Dashing out again I am afraid, but there is a whole thread here on Books about home education
Sorry it is so long, I keep meaning to restart the thread with all the info put together.

Will get to it one day.

I'd have a close look at Alan Thomas' Books. Alan is a Visiting Fellow at the University of London, Institute of Education. He is a Fellow of the British Psychological Society.His has been looking at informal home education or 'autonomous home education' as it is called in the UK. In his latest book
'How Children Learn at Home'
he has followed up on previous research and looked at autonomously home educated young people and discovered how amazingly effective it is. Well worth a read (although I am biased as my family took part in this research)

There is some research by Paula Rothermel here
Some on the EO website here
I found this research from the Frasier Institute in Canada interesting.

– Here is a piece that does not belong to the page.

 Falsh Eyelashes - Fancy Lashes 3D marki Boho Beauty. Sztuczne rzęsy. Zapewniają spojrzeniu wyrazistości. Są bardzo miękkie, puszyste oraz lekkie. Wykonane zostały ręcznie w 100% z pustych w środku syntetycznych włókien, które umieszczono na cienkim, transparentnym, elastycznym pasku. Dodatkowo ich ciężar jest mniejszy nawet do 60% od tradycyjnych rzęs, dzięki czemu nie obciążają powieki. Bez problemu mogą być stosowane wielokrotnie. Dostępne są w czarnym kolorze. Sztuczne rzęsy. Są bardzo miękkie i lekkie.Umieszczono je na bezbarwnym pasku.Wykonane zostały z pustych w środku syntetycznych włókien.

I'd also strongly suggest, you and he see if you can meet some home educated families near to you, for a chat.

Callisto · 14/04/2009 16:23

Thanks so much Julie. I have seen the books list, but the thread is so long and I'm not sure what I'm looking for.

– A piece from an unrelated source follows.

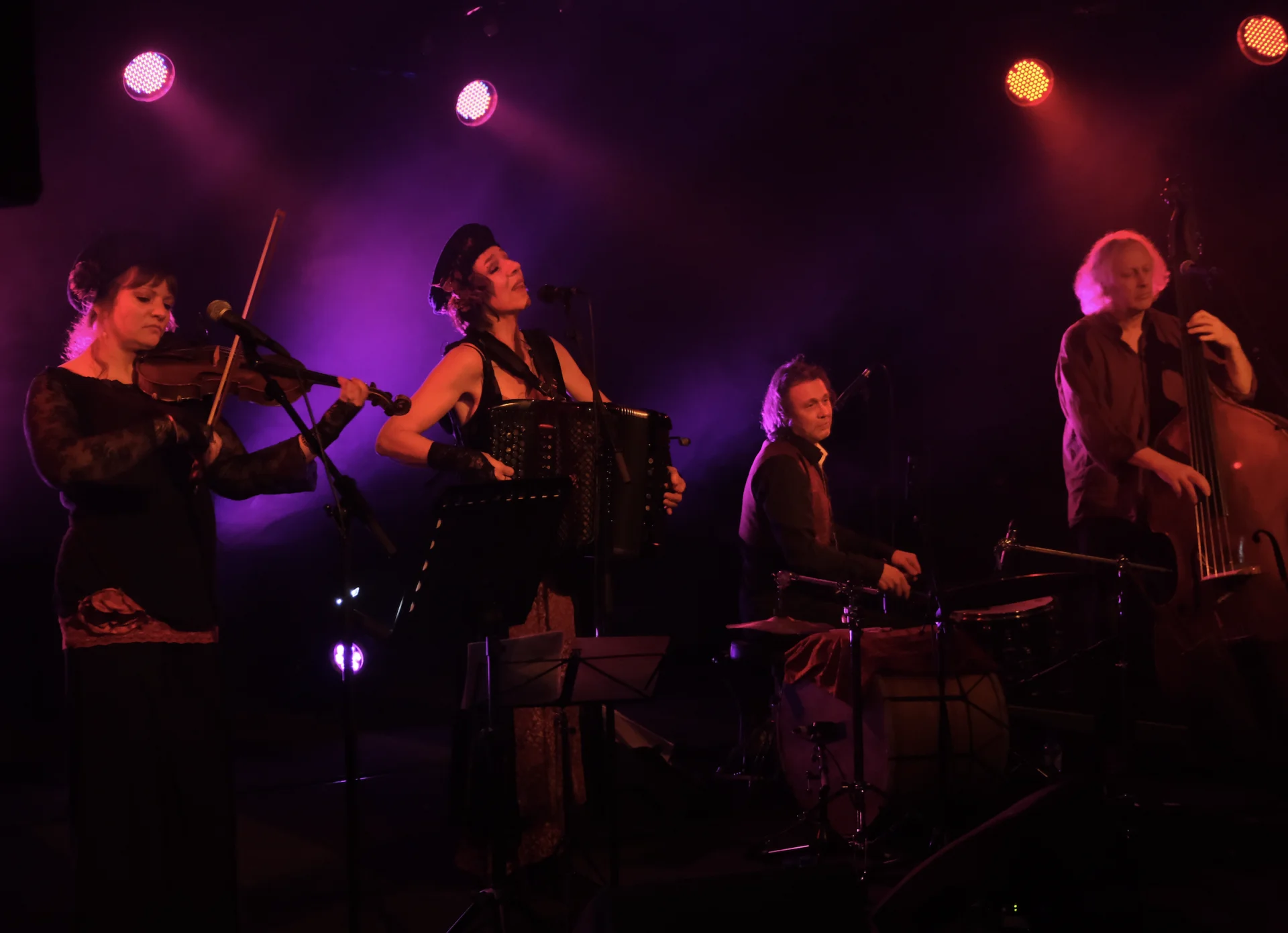 Sur scène, Monique Gelders au chant et à l’accordéon, Aurélie Goudaer au chant et au violon, Alexandre Furnelle à la contrebasse et Stéphane Pougin aux percussions composent un quartet soudé, où la musicalité collective sert pleinement l’intensité du répertoire et la force des traditions revisitées.

I shall get a copy of How Children Learn at Home for him (and me) to read. I have got the Paula Rothermal paper bookmarked and have pointed him in that direction, though he has questioned how qualified she is to be carrying out this sort of research, whihc I couldn't answer, though I assume that she is attached to Durham Uni in some official capacity?

I am also planning on a lunch date soon with a local HE family I know (subject to the family agreeing of course!) so that he can see first hand how lovely and well-adjusted HE children are.

Thanks for the other links, I'll have a read of them.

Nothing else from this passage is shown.